5) Pernyataan pengakuan terhadap penolakan tubuh, mengingatkan
kembali fakta kejadian tentang realitas bahwa masih dapat
menggunakan sisi yang sakit dan belajar mengontrol sisi yang sehat.
Rasional: Membantu pasien untuk melihat bahwa perawat menerima
kedua bagian sebagai bagian dari seluruh tubuh.
Mengijinkan pasien untuk merasakan adanya harapan dan
mulai menerima situasi baru.
6) Bantu dan anjurkan perawatan yang baik dan memperbaiki
kebiasaan.
Rasional: Membantu mengingatkan perasaan harga diri dan
mengontrol lebih dari satu area kehidupan.
7) Anjurkan orang yang terdekat untuk mengijinkan pasien melakukan
sebanyak-banyaknya hal-hal untuk dirinya.
Rasional: Menghidupkan kembali perasaan kemandirian dan
membantu perkembangan harga diri, serta memengaruhi
proses rehailitasi.
8) Dukung perilaku atau usaha seperti peningkatan minat atau
partisipasi dalam aktivitas rehabilitasi.
Rasional: Pasien dapat beradaptasi terhadap perubahan dan
pengertian tentang peran individu masa mendatang.
31

2.5.6 Implementasi Keperawatan


Tahap awal tindakan keperawatan menuntut perawat mempersiapkan segala
sesuatu yang diperlukan dalam tindakan. Persiapan tersebut meliputi kegiatan-
kegiatan : Review tindakan keperawatan yang diidentifikasi pada tahap
perencanaan,menganalisa pengetahuan dan keterampilan keperawatan yang
diperlukan, mengetahui komplikasi dari tindakan keperawatan yang mungkin
timbul, menentukan dan mempersiapkan peralatan yang diperlukan,
mempersiapkan lingkungan yang konduktif sesuai dengan yang akan
dilaksanankan mengidentifikasi aspekhukum dan etik terhadap resiko dari
potensial tindakan.
2.5.7 Evaluasi
Evaluasi adalah tindakan intelektual untuk melengkapi proses keperawatan
yang menandakan seberapa jauh diagnosa keperawatan, rencana tindakan, dan
pelaksanaannyasudah berhasil dicapai, melalui evaluasi memungkinkan perawat
untuk memonitor “kealpaan” yang terjadi selama tahap pengkajian, analisa,
perencanaan, dan pelaksanaan tindakan.

2.5.8 Dokumentasi
Dokumentasi dalam pelayanan keperawatan adalah bagian dari kegiatan
yang dikerjakan oleh perawat setelah memberI asuhan keperawatan kepada klien.

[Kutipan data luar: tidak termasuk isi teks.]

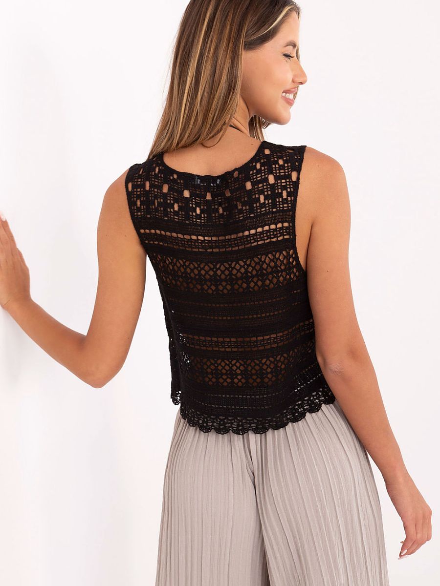 Top in boho style is a perfect choice for lovers of trendy and lightweight stylizations. Made of dominant material, cotton with added elastane, it provides comfort and subtle fitting to the silhouette. The characteristic, varied texture of the material and intricately made lace details give it a unique, ethereal look. The round neckline and sleeveless design make this model perfect for summer outfits with both jeans and a flowing skirt. The standard length of the top allows for easy styling, and the boho vibe adds a casual charm. Perfect for walks, festivals or outdoor meetings during holidays.

Dokumentasi keperawatan mempunyai porsi yang besar dari catatan klinis klien
yang menginformasikan factor tertentu atau situasi yang terjadi selama asuhan
dilaksanakan. Dokumentasi dapat pula dijadikan sebagai wahana komunikasi dan
koordinasi antar profesi (interdisipliner) yang dapat dipergunakan untuk
mengungkap suatu fakta actual untuk dipertanggungjawabkan (Setiadi,2012: 203).

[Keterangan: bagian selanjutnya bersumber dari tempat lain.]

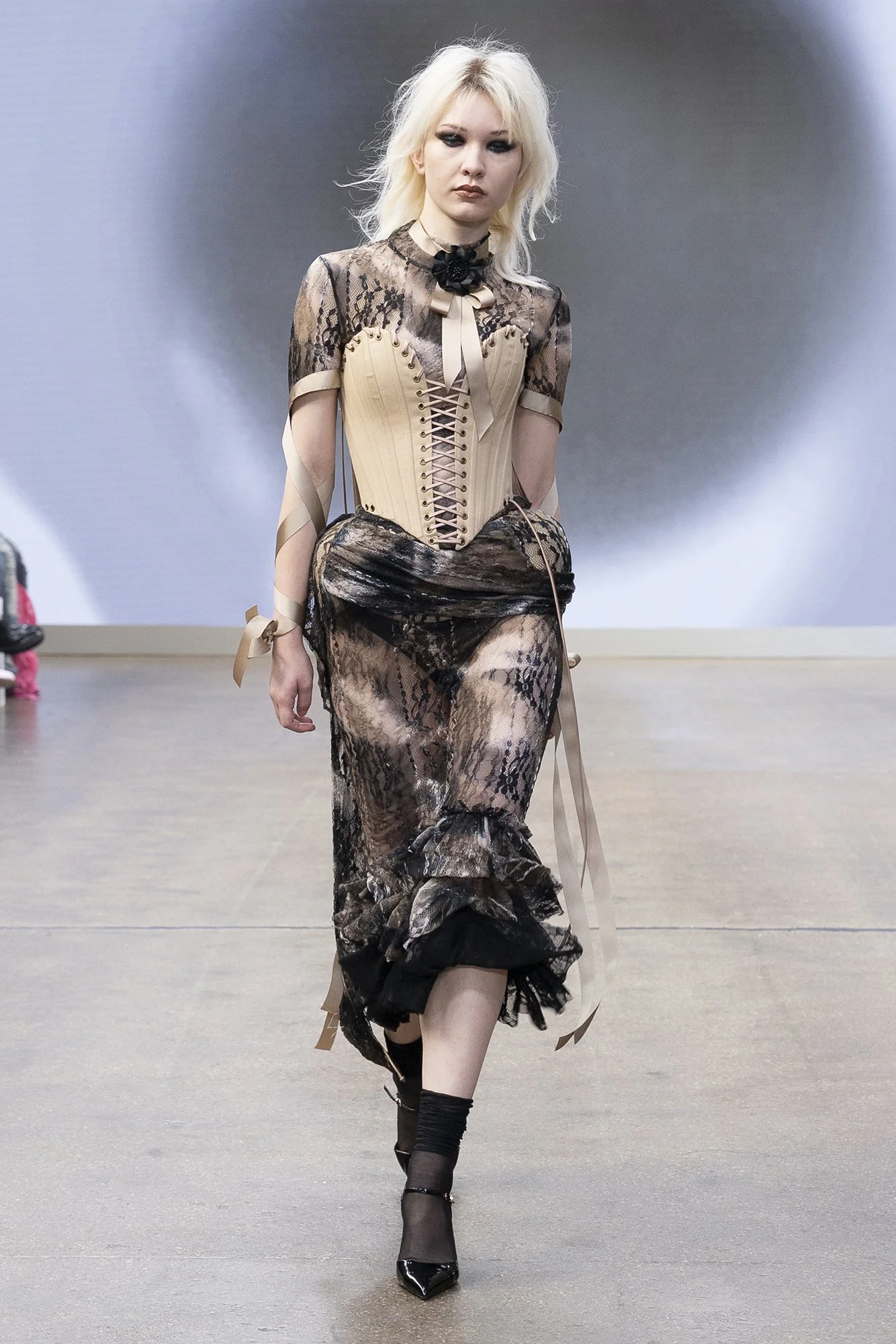 Agro’s SS26 felt to me like a staged debate. Clothes exploring the tension between severity and softness. Utilitarian grit vs. ballroom flourish. It asks whether a woman in a corset is constrained or commanding, and whether a man in shearling is shielding himself or simply playing dress-up with power.

Dokumentasi keperawatan bertujuan untuk (Zaidin,2003:78) menghindari
kesalahan, tumpang tindih, dan ketidaklengkapan informasi dalam asuhan
keperawatan, terbinanya koordinasi yang baik dan dinamis antara sesama perawat
atau pihak lain melalui komunikasi tulisan, meningkatkan efisiensi dan efektifitas
tenaga keperawatan, terjaminnya kualitas asuhan keperawatan, perawat mendapat
perlindungan secara hukum, memberikan data bagi penelitian.